Trying to trace the thread of Don Guanella's spiritual thought in the web of his thirty discourses, we find that he has developed, almost imperceptibly, the theological inspiration that underpins his spiritual doctrine, centered on the fatherhood of God. It is as if he were telling us that the profound meaning of devotion to the Sacred Heart is one with God's fatherhood, because the Sacred Heart is the revelation of the Father's love. For Guanella, the condition of a father is the human image that most adequately expresses love. But God's love was revealed to us in Jesus; Jesus' life is entirely a revelation of the Father, and the image that sums it all up is the Sacred Heart of Jesus.
But in explaining this doctrine, Don Guanella is well aware of the abilities of his readers, simple people; for this reason he
transforms catechetical teaching, which could perhaps result in
theoretical and abstract king, in images close to the life experiences of the faithful or arising from the memories of his childhood as a small mountaineer: «The shepherd boy, who from the summit of the Alps guards his flock, looks up at the bell tower of his parish, distinguishes with a penetrating eye the field and his father's house and meanwhile he sobs and exclaims: “My father, when will I see you?”. The son cannot stay away from his father. […] Wretched you if, after having distanced yourself from God the Father with the excess of a grave sin, you never again had hope of seeing the placated face of the Lord again. But God forgives. Consider what a good fatherly heart is that of Jesus, your savior and lord» (XIII day).
Don Guanella finds it necessary to develop the connection between the image of the Heart of Christ and the Eucharist, to which he insistently invites his readers, thus developing the pastoral and anti-Jansenistic intuition inherent in devotion to the Sacred Heart. He is a witness and teacher of that evangelical love which is charity, which must be drawn from the divine source of the Sacrament of the Eucharist: "When the good qualities of a son resemble the excellent qualities of the father's soul, then a union of the most lively affection is formed between the two. [...] This blessed life begins on this earth. Whoever approaches the table of the Lord receives the gift of charity. Through charity, God lives in the heart of man, and the Christian lives from the heart of Jesus" (Day XVI).

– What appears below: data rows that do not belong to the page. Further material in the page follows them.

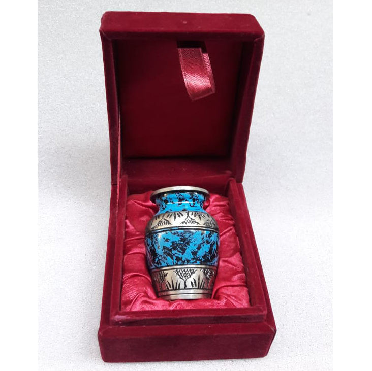 ของชำร่วยงานฌาปนกิจศพขนาดเล็กทำจากทองเหลืองของชำร่วยสำหรับขี้เถ้าของมนุษย์โกศขนาดเล็กสีฟ้า
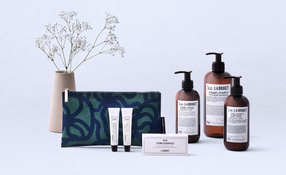 핀에어(Finnair) 새 어메니티 키트에는 스웨덴 유기농 스킨케어 브랜드 라브루켓(L:a Bruket)의 카모마일 라벤더 페이셜 크림과 아몬드 코코넛 립 크림이 포함됐다. 비즈니스 클래스 기내 및 라운지 화장실에서는 라브루켓 손제정제와 핸드크림도 이용 가능하다.
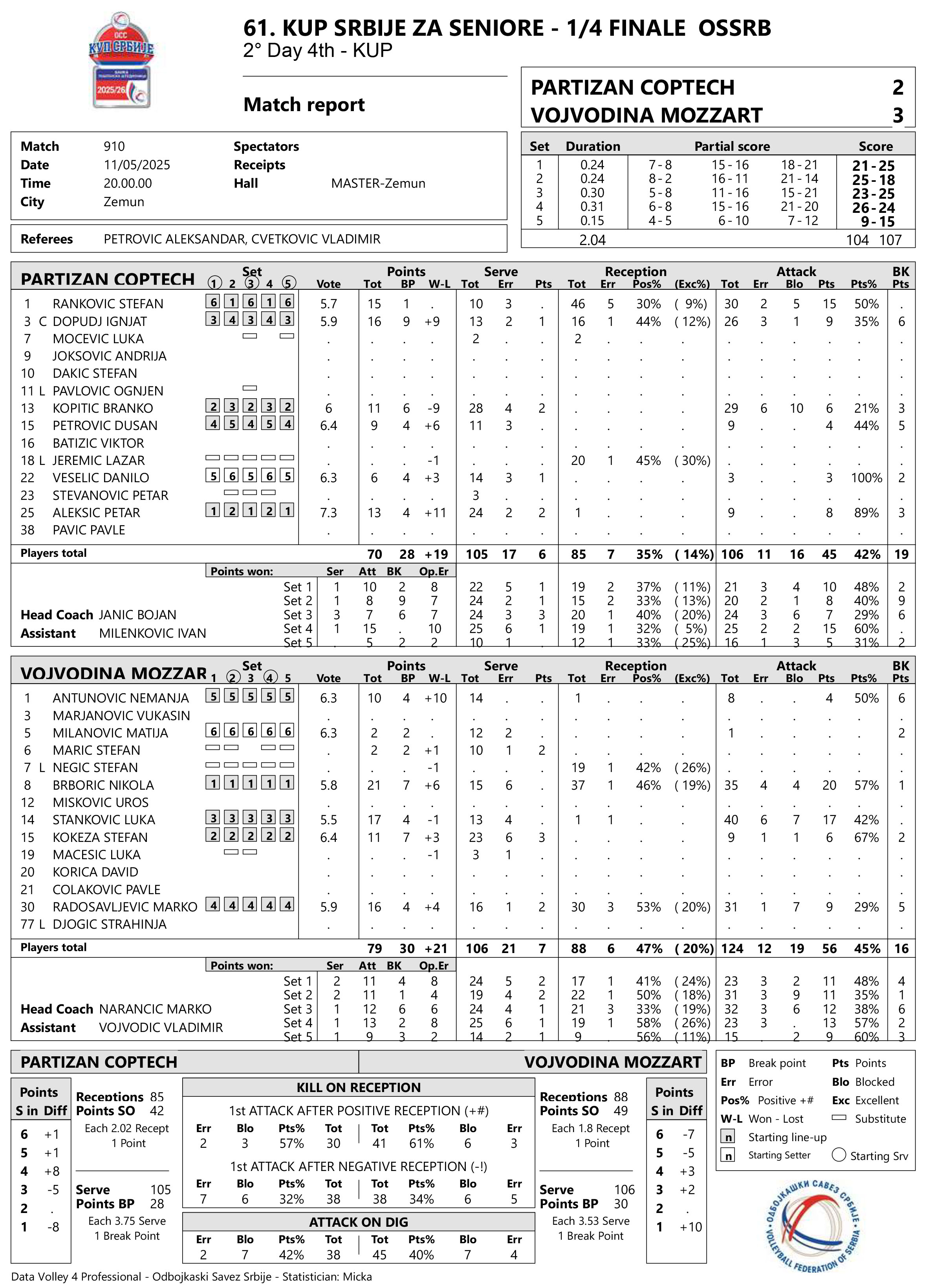 PARTIZAN COPTECH – VOJVODINA MOZZART (NOVI SAD) 2:3 (21:25, 25:18, 23:25, 26:24, 9:15)
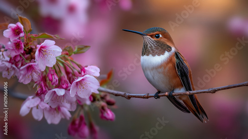 © Maksym, Naklejka premium Graceful hummingbird perched momentarily on thin branch near cascading pink blossoms, shimmering feathers catching rays of golden sunlight
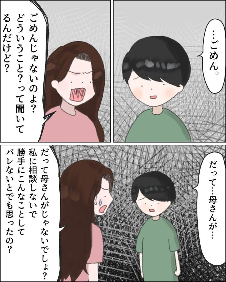 「どういうこと!?」と聞いても「・・ごめん」と謝るだけで理由を言わない良太に「ごめんじゃないのよ?どういうこと?って聞いてるんだけど?」とさらに問い詰めると、「だって・・母さんが・・」と口にした良太。「だって母さんがじゃないでしょ?私に相談しないで勝手にこんなことしてバレないとでも思ったの?」良太の情けなさに呆れながらそう言うと、
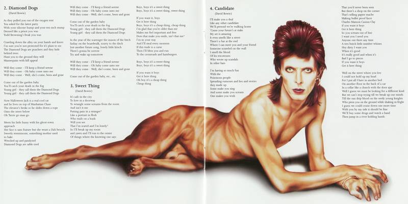 Pero mientras, bien o mal, podemos achacar al contexto histórico –a la presteza de los tiempos- del ropaje de Bowie, con Orwell solas se apuntalan sus decisiones estéticas. Son ejemplos la ingenuidad con que se describe el antiguo capitalista (“They owned everything that was there was to own. They lived in great gorgeous houses with thirty servants. […] they drank champagne, they wore top hats”) y el infantil miedo del protagonista a las ratas (“If you are falling from a height it is not cowardly to clutch at a rope. If you have come up from deep water it is not cowardly to fill your lungs with air. […] It is the same with rats. For you, they are unendurable”) de aquello que calcifica la obra de Orwell.
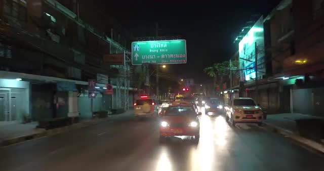 BANGKOK, THAILAND, MARCH 2017: Car view timelaps trough streets of Bankok at night
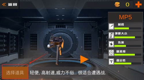 2、如何选择装备?在主菜单中,点击“商店”按钮进入装备选择界面,选择适合你的武器,如MP5,查看其属性并进行选择。
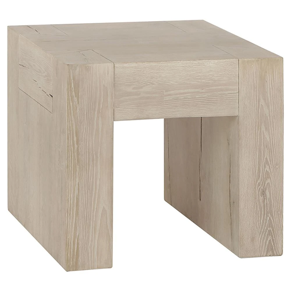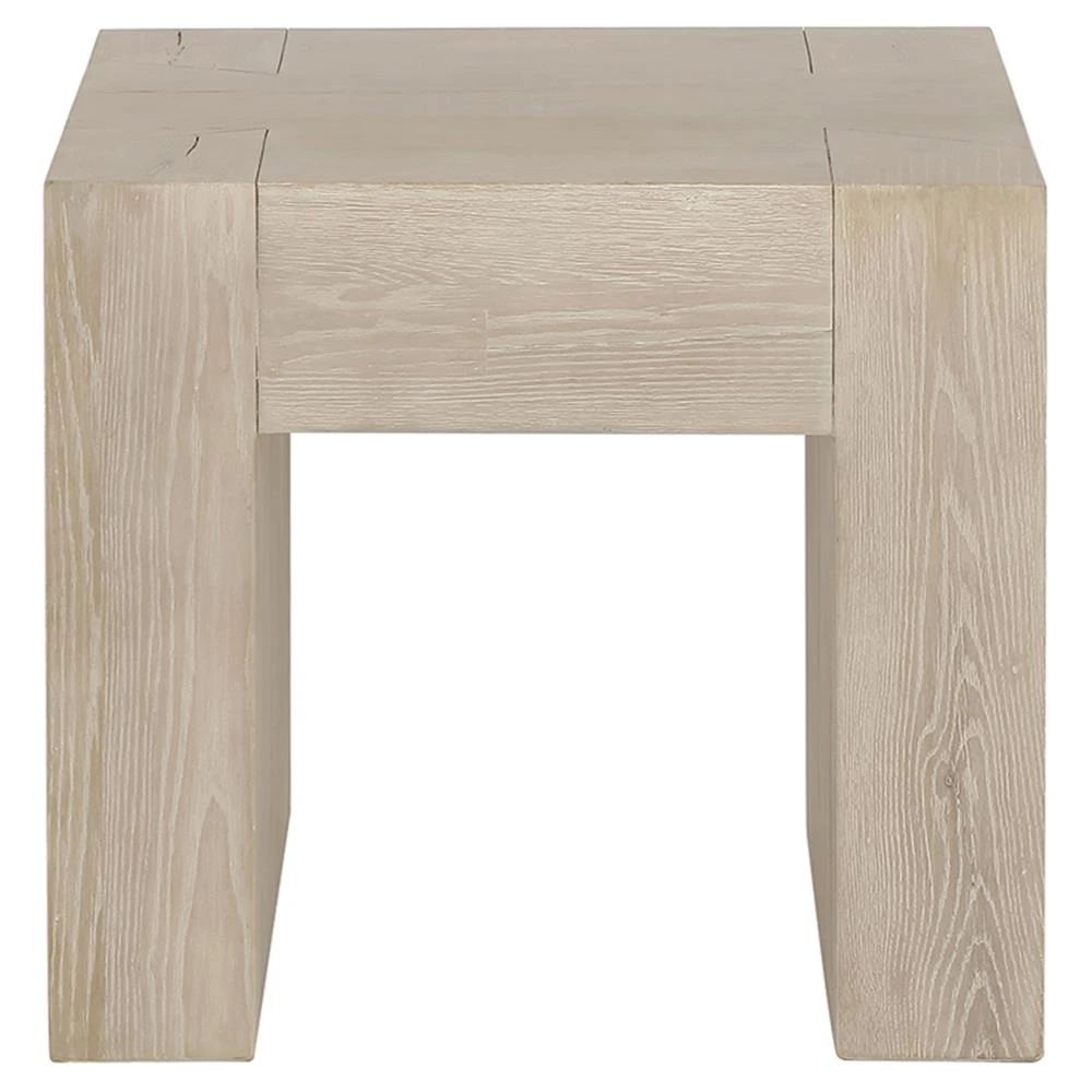 • Zyra Coastal Beach Bleached Brown Elm Wood Round Side Table|Kathy Kuo Home

The brief prayers at the end of each of the thirty meditations allow us to grasp the climate of faith and contemplation so characteristic of Don Guanella's personal experience, which often leads him to burst out in a cry of loving boldness, as in this prayer: "O Jesus, call me too to you. I desire it, I desire it. It is better to die to come and be with you than to live on this earth in danger of losing you. Call me, call me. May my heart yearn for you, may I die from the longing to possess you, O my Jesus" (Day 5).
May these brief notes help today's readers to approach, possibly in the month of June, this writing by Saint Luigi Guanella, which his most faithful disciple, Don Leo-
nardo Mazzucchi, considered it to be «the most beautiful of his pamphlets» (Charity, 66, July 1939, p. 8).
For those who would like to read it, it is republished in the first volume of the Published and unpublished works by Luigi Guanella, Rome 1992, pp. 1149-1281, as well as in digital edition on line in the IntraText Library (search for: IntraText Guanella).